Exercise material:
*** Block opens ***

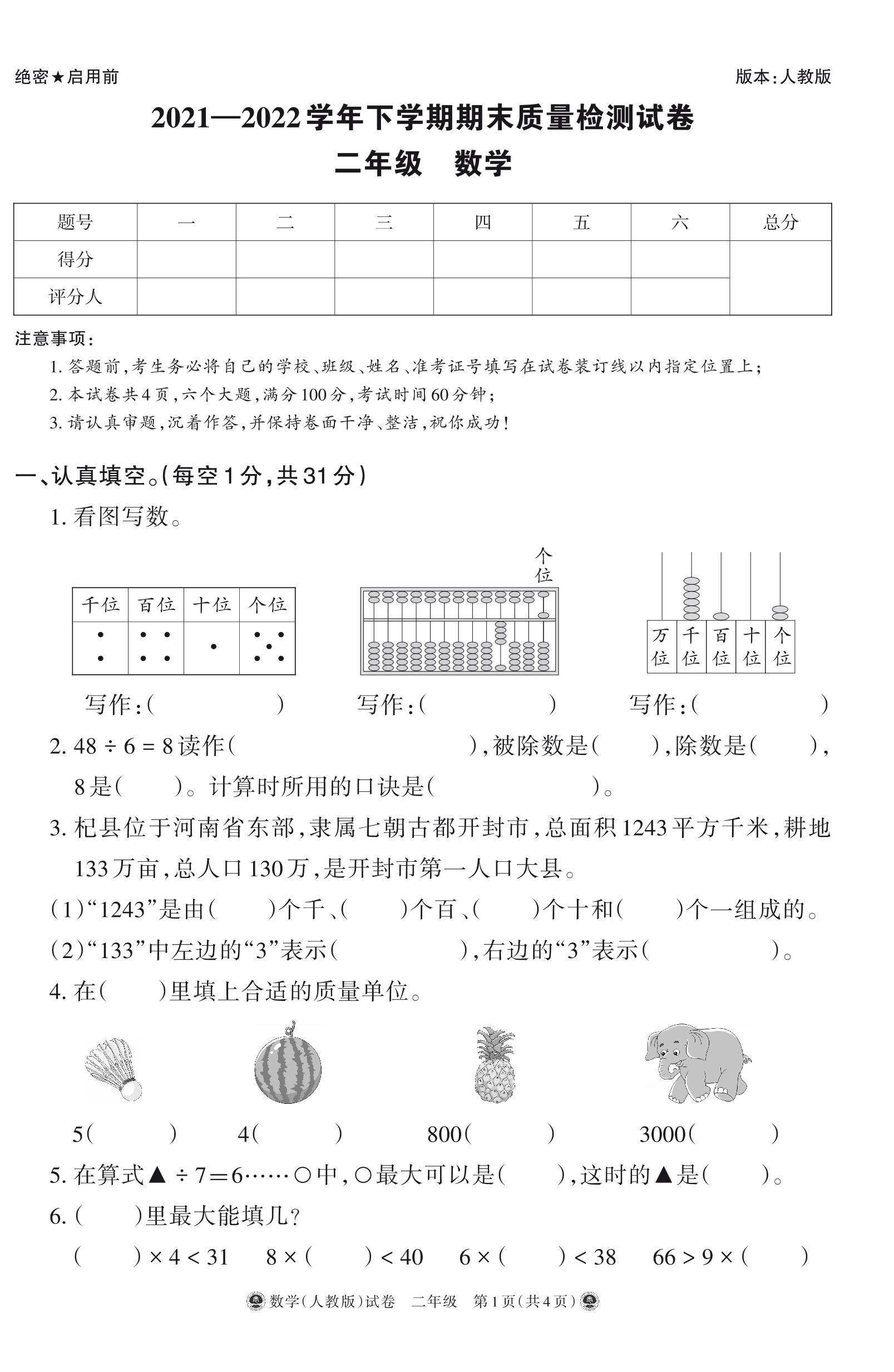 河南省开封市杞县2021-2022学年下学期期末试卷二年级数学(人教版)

*** Block closes ***
*** Block opens ***

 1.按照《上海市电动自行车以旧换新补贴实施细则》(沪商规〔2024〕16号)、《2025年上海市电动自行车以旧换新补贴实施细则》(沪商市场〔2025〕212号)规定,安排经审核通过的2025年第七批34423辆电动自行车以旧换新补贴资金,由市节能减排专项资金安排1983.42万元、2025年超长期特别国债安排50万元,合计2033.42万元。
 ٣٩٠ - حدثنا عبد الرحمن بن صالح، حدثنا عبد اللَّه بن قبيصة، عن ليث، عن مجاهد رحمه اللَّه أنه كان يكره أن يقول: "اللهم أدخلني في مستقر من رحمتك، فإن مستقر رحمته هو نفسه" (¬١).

*** Block closes ***

What needs to be done: When you reach the line holding "1.按照《上海市电动自行车以" in the records above, begin reproducing exactly, stop after the line holding "٣٩٠ - حدثنا", and output nothing else.

Solution:
 1.按照《上海市电动自行车以旧换新补贴实施细则》(沪商规〔2024〕16号)、《2025年上海市电动自行车以旧换新补贴实施细则》(沪商市场〔2025〕212号)规定,安排经审核通过的2025年第七批34423辆电动自行车以旧换新补贴资金,由市节能减排专项资金安排1983.42万元、2025年超长期特别国债安排50万元,合计2033.42万元。
 ٣٩٠ - حدثنا عبد الرحمن بن صالح، حدثنا عبد اللَّه بن قبيصة، عن ليث، عن مجاهد رحمه اللَّه أنه كان يكره أن يقول: "اللهم أدخلني في مستقر من رحمتك، فإن مستقر رحمته هو نفسه" (¬١).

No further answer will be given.